Re: i18n-ISSUE-473: Can RDF data be generated from non UTF-8 encoded CSV data from Jeni Tennison on 2015-06-10 (public-csv-wg@w3.org from June 2015)

From: Jeni Tennison <jeni@jenitennison.com>
Date: Wed, 10 Jun 2015 10:24:38 +0100
To: Anne van Kesteren <annevk@annevk.nl>
Cc: "www-international@w3.org" <www-international@w3.org>, public-csv-wg@w3.org, Steven Atkin <atkin@us.ibm.com>
Message-ID: <etPan.55780256.5cc2a7b5.ed@jenit.local>

Hi Anne,

On 10 June 2015 at 09:52:19, Anne van Kesteren (annevk@annevk.nl) wrote:
> On Wed, Jun 10, 2015 at 10:45 AM, Jeni Tennison wrote:
> > 5. Read the file using the encoding, as specified in [encoding], using the replacement  
> > error mode.
>  
> So far so good. Though have you defined how to obtain the encoding
> from a string?

As currently defined, the encoding is specified through a flag (see http://w3c.github.io/csvw/syntax/#dfn-encoding) and must be one of the values specified in the encoding spec. It is either set explicitly in the JSON metadata document supplied for the CSV file or through the charset in the Content-Type header. Otherwise it defaults to utf-8.

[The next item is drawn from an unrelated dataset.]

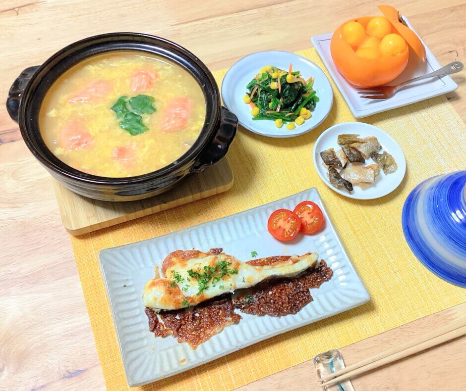 鮭雑炊と鱈のチーズ焼きの完成です!

Would you recommend an alternative approach?

> > If the encoding is not a Unicode encoding, use a normalizing transcoder
> > to normalize into Unicode Normal Form C as defined in [UAX15].
>  
> 1) What is a Unicode encoding?

What would you recommend that we say? The comments from Steven on behalf of the I18N WG simply said “not in Unicode”, would that be a better way of framing it than “not a Unicode encoding”?

> 2) What encodings would be affected by this?

Are you asking us to list the encodings that aren’t Unicode encodings, in the spec?

Please suggest improved wording where it’s not right; you’re the experts. We’re also very happy to receive pull requests.

Thanks,

Jeni
-- 
Jeni Tennison
http://www.jenitennison.com/

Received on Wednesday, 10 June 2015 09:25:06 UTC